In this article, I offered a simple and powerful AI framework that sales leaders can use to meet and exceed their goals through better planning, prioritizing, and ideating. Planning is about predicting what will happen so that you can be adequately prepared. Prioritizing, or targeting is about identifying the best opportunities for action.
Put another way, planning is about accepting what will happen, while prioritizing is about finding the right opportunities to change what will happen. For instance, if I know that a valuable customer is likely to churn, planning allows me to prepare for that eventuality. Prioritizing allows me to target that customer with an intervention that will compel them to stay.
Ideating, on the other hand, focuses on generating ideas for effective interventions. It’s one thing to identify a valuable customer as one who should be saved. It’s another to know how to save that customer.
Ideation through AI can be tremendously valuable. By identifying the factors that relate to an outcome, we can start to generate potential solutions that lead to better outcomes. Better outcomes can be anything that’s important to a business – less customer churn, more closed deals for a sales team, lower mortality for a hospital, fewer machine failures for a manufacturer, and so on.
Often, the factors that relate to the outcome are referred to as “drivers.” By examining drivers of an outcome, we often can come up with ideas about how to cause good outcomes to occur.
For instance, imagine that an AI model reveals three factors that are related to whether salespeople beat their quota in a given month:
Driver 1: whether that salesperson has engaged in a sales training program
Driver 2: how many times the salesperson has called or visited their customers
Driver 3: the salesperson’s number of years of selling experience.
It is helpful to note that Drivers 1 and 2 are behaviors. Driver 3 is a characteristic, or demographic. How can these drivers be used to generate new and valuable ideas? First and foremost, we must recognize the difference between causation and correlation.
For Driver 1, Imagine that those who attend the training sell more than those who don’t. Does this mean that the training is effective? Maybe. Perhaps the training is full of great information that causes the salesperson to more effectively convey the benefits of the product to the customer. If the training is, indeed, effective, then a company might be wise to mandate it for the entire sales team.
However, just because the training is correlated to higher performance doesn’t mean that the training necessarily causes higher sales. It is entirely possible that only the most motivated sellers choose to attend the training. If so, then their sales success might not be due to the training, but rather to their pre-existing level of ambition and motivation. If more motivated sellers take the training and less motivated sellers don’t, we would be foolish to conclude that the training was necessarily the cause of the difference in performance.
In this case, there is a third, separate factor (motivation) that is related to the outcome. It would be unfortunate for a sales team to mandate training that, in fact, was not actually effective.
Consider Driver 2: the greater the frequency of sales calls, the more likely a deal will close. Does this mean that placing more calls will yield more closed deals? Perhaps – it is possible that more calls give the customer more insight into the offering and the seller a greater chance to develop a fruitful relationship.
On the other hand, it is possible that only serious buyers will spend time regularly engaging with the sales team. And a seller will only place sales calls to buyers who demonstrate high levels of interest.

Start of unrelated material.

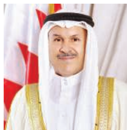
محافظ محافظة العاصمة

لمسيرة التعليم في المملكة من أجل بناء مستقبل أكثر ازدهاراً للأجيال القادمة. وأوضح أن أوامر وتوجيهات سموه لمتابعة الدفاع لبذل مزيد من الجهود لمتابعة جميع احتياجات المواطنين والمقيمين على هذه الأرض الطيبة عن كثب، من خلال رصد طلبات الأهالي والعمل على تحقيقها وسد النواقص عبر التواصل مع الجهات المعنية والمتابعة المستمرة معها لضمان توفير حياة كريمة لهم، اقتداءً بمنهاج سموه بالاقتراب من المواطنين وتلمس حاجاتهم عن قرب.

Here, more sales calls don’t cause a customer to be more interested; rather, high levels of customer interest cause a salesperson to call more frequently. This is often referred to as reverse causation. In this case, asking your team to place more sales calls than normal would likely yield no benefit.
A business experiment consists of rigorously assessing the effectiveness of an initiative (training, more sales calls, etc.) by creating two randomly selected groups and assigning one to receive the initiative and one to not receive the initiative. For instance, to test whether Driver 1, a sales training program, is effective, we would want to randomly assign some sellers to take the training and some sellers to not take the training. If the training group were to outperform the non-training group, this would be good evidence that the training was an effective way to boost sales. In some cases, experiments are not feasible, requiring technical, second-best, analyses to assess whether an initiative actually works.
How, then, can we know whether an initiative is truly effective at causing good outcomes?
In short, the best answer to this is to run a business experiment, described in the sidebar. Business experiments are excellent ways to move from ideation (“here’s a possible solution”) to knowledge of whether a solution is truly effective.
Driver 3 tells us that salespeople with more experience tend to sell more. “Years of experience” is a characteristic, not a behavior, so we no longer care about causation versus correlation. (Since we cannot change someone’s age, it doesn’t matter if changing their age would cause sales to increase.). However, demographics still have a valuable role in ideation. Here, we can explore the reasons why experience matters. This could lead to more effective training or best practices for less experienced sellers. Often, drivers provide opportunities for more learning, instead of directly actionable insights.
AI-fueled ideation is a powerful tool. It allows us to find stories, trends, and phenomena that, without computational sophistication, would remain hidden from the human eye. By knowing what factors relate to important outcomes, we can empirically generate ideas that lead to more business success.